▶ Exercise requirements
From the listing below, copy only the lines running from the line that contains "Para preparar o" to the line that contains "Dit TV-meubel combineert", both included.

▶ Records to use
════

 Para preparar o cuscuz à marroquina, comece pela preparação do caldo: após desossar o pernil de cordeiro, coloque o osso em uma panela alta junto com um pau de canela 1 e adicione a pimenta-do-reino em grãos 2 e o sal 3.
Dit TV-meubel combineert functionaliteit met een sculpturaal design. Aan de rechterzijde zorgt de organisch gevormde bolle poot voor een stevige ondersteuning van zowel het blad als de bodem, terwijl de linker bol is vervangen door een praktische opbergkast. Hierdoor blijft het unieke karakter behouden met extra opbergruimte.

════

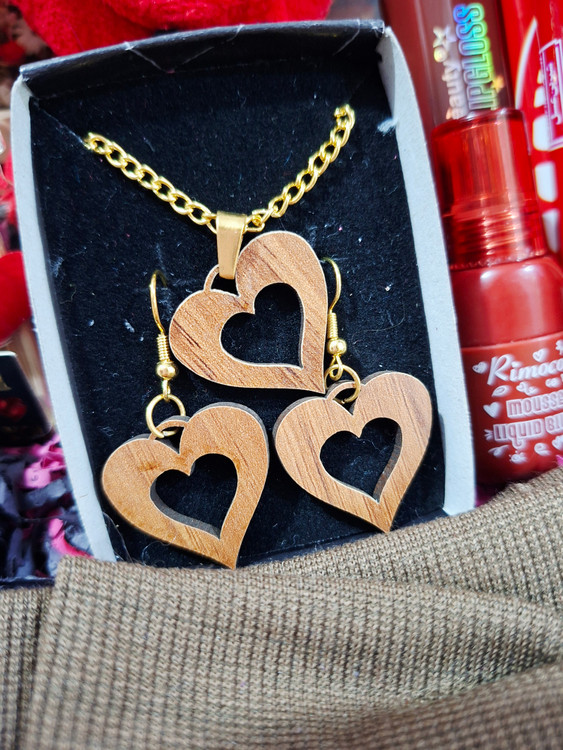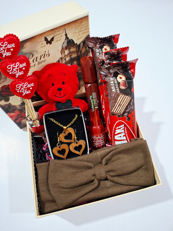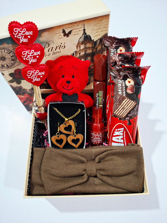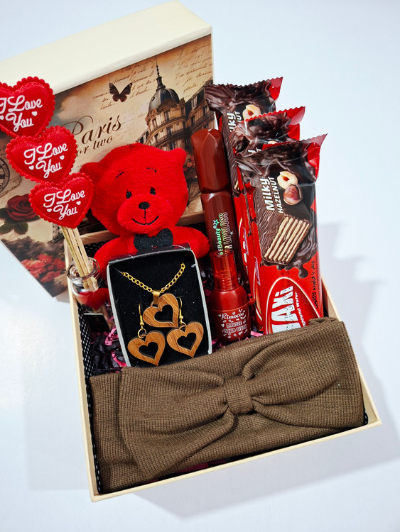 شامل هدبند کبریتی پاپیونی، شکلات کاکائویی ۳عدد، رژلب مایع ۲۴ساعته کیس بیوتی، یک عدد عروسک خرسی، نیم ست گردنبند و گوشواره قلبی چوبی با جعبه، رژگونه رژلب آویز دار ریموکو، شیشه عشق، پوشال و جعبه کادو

════

▶ Exercise output
 Para preparar o cuscuz à marroquina, comece pela preparação do caldo: após desossar o pernil de cordeiro, coloque o osso em uma panela alta junto com um pau de canela 1 e adicione a pimenta-do-reino em grãos 2 e o sal 3.
Dit TV-meubel combineert functionaliteit met een sculpturaal design. Aan de rechterzijde zorgt de organisch gevormde bolle poot voor een stevige ondersteuning van zowel het blad als de bodem, terwijl de linker bol is vervangen door een praktische opbergkast. Hierdoor blijft het unieke karakter behouden met extra opbergruimte.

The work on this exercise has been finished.